Onun elinde sanat, birikmiş enerjinin boşalmasına yarayan bir oyuncak ve bir eğlence olmaktan çıkar. Cinsiyetin, siyasetin ve sermayenin kölesi değildir. Sanat, Allah'ın insanlara verdiği özel bir emanettir. Mutlak özgürlük, mutlak şuur ve mutlak yaratıı güç Allah'ındır. Allah'ın kendi suretine uygun olarak yarattığı, emanetini teslim ettiği ideal insan, güzellik, fazilet ve hikmetle dolup taşan sonsuz iradedir.

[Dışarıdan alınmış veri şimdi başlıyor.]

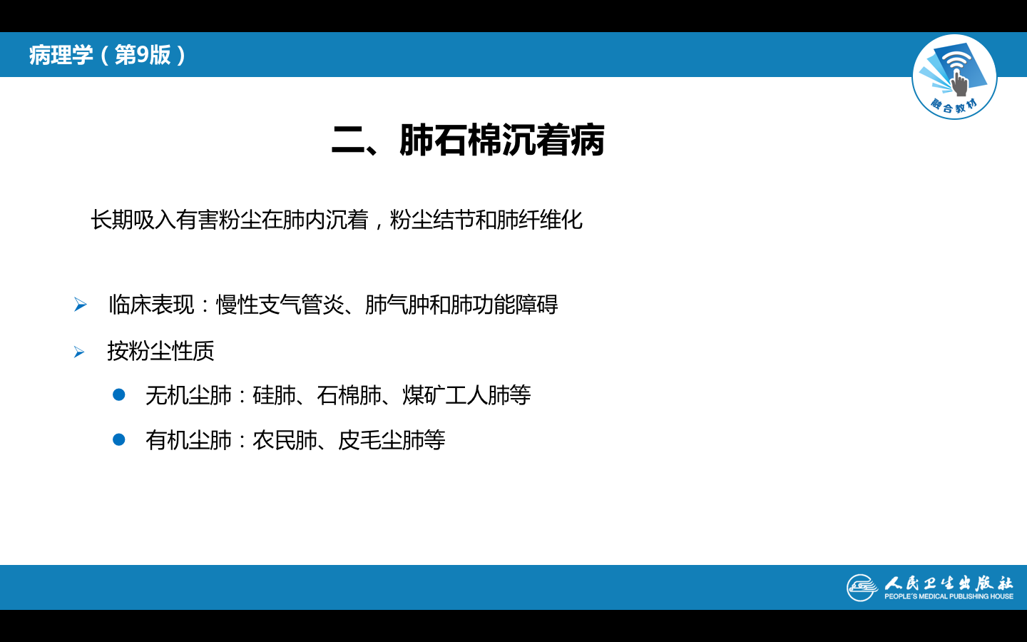 肺石棉沉着症也称石棉肺(asbesesis),是因长期吸入石棉粉尘而引起的以肺间质纤维化为主要病变的职业性尘肺。石棉是含有多种化学元素的硅酸盐复合物,具有高度的抗热性,被广泛用于隔热绝缘材料。石棉矿的开采及运输工人,石棉加工厂和石棉制品厂的工人长期在操作过程中吸入石棉粉尘而导致石棉肺。本病在不知不觉中发病,患者逐渐出现咳嗽、咳痰、气急胸闷等症状,晚期因并发肺源性心脏病而出现右心室肥大。
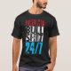 El color es muy bonito al natural, como la foto. El tejido es suave y de buena calidad. Sin defectos en el tintado, ni hilos sueltos o descosidos. Bien la impresión. Los bordes de las letras y el dibujo son nítidos, y el color contrasta muy bien con el de la camiseta.
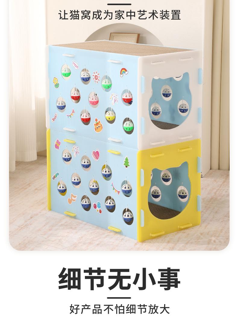 Característica 1:Hecho de material resistente, puede soportar acciones como arañazos y saltos de los gatos, no se daña fácilmente, tiene una larga vida útil y utiliza material PP respetuoso con el medio ambiente para garantizar la salud y seguridad de los gatos.
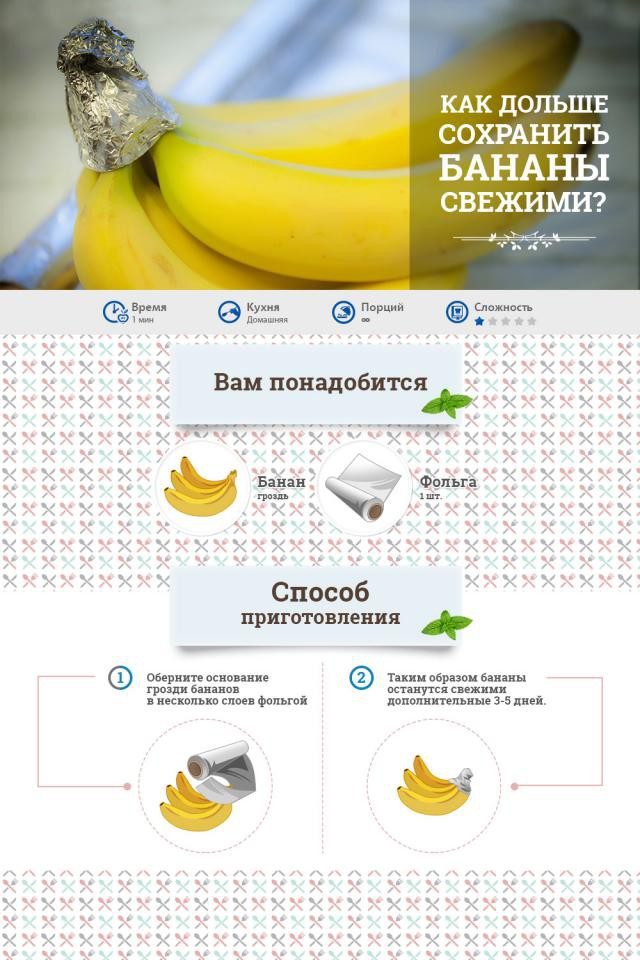 Обычно бананы быстро чернеют, но это можно предотвратить. Вам потребуется: Оберните основание грозди бананов фольгой в несколько слоев. Таким образом бананы останутся свежими дополнительные 3-5 дней.
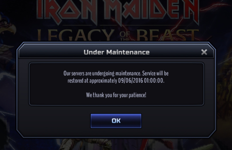 PLEASE NOTE: The game will be unavailable during this period.
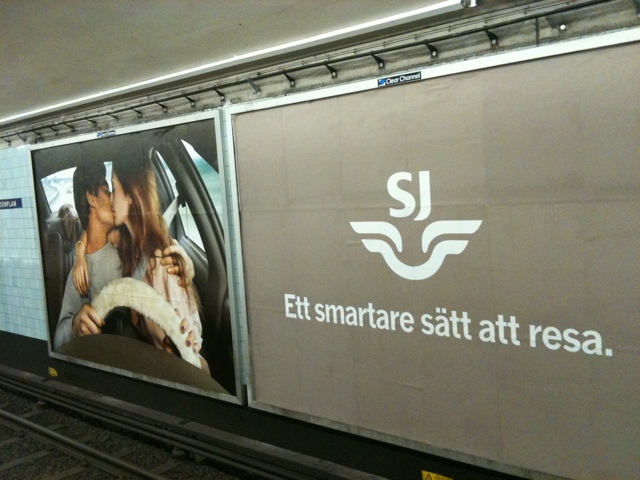 Vad bra det kan bli om man håller det enkelt. Tydligt budskap (”du får tid över till annat när du åker tåg”), bra bild (hånglande par som fångar blicken och något som inte stämmer i bilden som det undermedvetna registrerar så man stannar kvar), och rak payoff. Äntligen har SJ slutat kasta annonspengarna i sjön!

Bütün tabiatta, izafi bir özgürlüğe, izafi bir şuura ve izafi bir yaratıcılığa sahip olan sadece insandır.
ideal insanın üç özelliği vardır: Doğruluk, iyilik ve güzellik; bir başka deyişle bilgi, ahlak ve sanat. O, Allah'ın halifesidir. Aşk ve bilgiyle donatılarak yeryüzüne sürülmüştür. Her şey onun emrindedir. Melekler bile onun önünde secde etmişlerdir. Allah'ın halifesi, kullukla, emanet yükünü taşıyarak tarihin sonuna ve tabiatın nihai sınırına gelip dayanmıştır.
bana göre yanlış bir kavramdır. ortalıkta dolaşan bu kadar çok ideoloji varken -ki dinleri de ideoloji sınıfına sokabiliriz- ideal bir insan tipi oluşturulamaz, tanımlaması tam doğru olarak yapılamaz. zira ideal insan tanımı topluluktan topluluğa, ideolojiden ideolojiye değişiklik gösterir. örnekle açıklamak gerekirse; çok zamanlar öncesinde konar göçer türk toplumlarında iyi savaşan ve iyi avlanan insan ideal insandır ama zamanla bu geçerliliğini yitirmiştir. bilmem meramımı anlatabildim mi?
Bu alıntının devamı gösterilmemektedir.